Example - I want to organize my books/photos/music etc. in directories, in order to be able to use the same structure across various devices (some of them can have very different semantic approaches, not compatible tagging and etc.). Directory structure remains one solid interoperable organization approach since filesystem abstraction is virtually the same across most OSes (especially POSIX ones).
So, I need to be able to easily do the following:
1. Creating / deleting directories.
2. Moving files / directories to another directory.
3. Renaming files / directories.
4. Creating files knowing which directory they go to after the creation.
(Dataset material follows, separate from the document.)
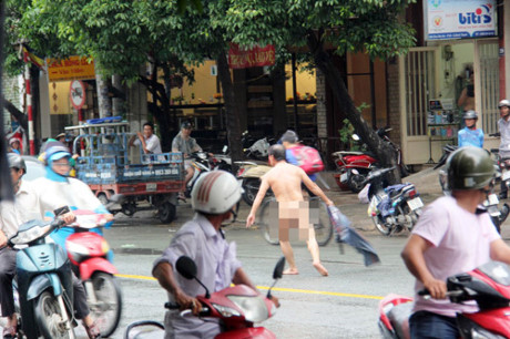 Một người đàn ông khoảng 50 tuổi lao từ quán nhậu ra giữa đường chặn các phương tiện giao thông trong tình trạng không mảnh vải che thân.

Doing search on directory name to access it in the interface sounds rather awkward to me and very non optimal from usability perspective. I'd prefer just to ssh to the device from another computer and move stuff in the terminal, rather doing the above. You once noted, that device is supposed to be for the user (make play live) and not forcing user into some predefined consuming mode. It means there should be no artificially imposed deficiencies which hinder the workflow. Usual KDE approach (at least on the desktop) differed from Gnome in a sense that KDE didn't dictate "the right way" forcing all users either to bend or to leave. Rather KDE offered some sensible (from designers' perspective) defaults, with giving an option to do things differently, if there is a real need for it. I consider it a major plus for user friendliness in KDE. Why should Plasma Active be devoid of the same user treating.
So the way I see it - Files should offer both modes with easy way to switch between them. Triggering filesystem view mode using Search method doesn't sound normal at all.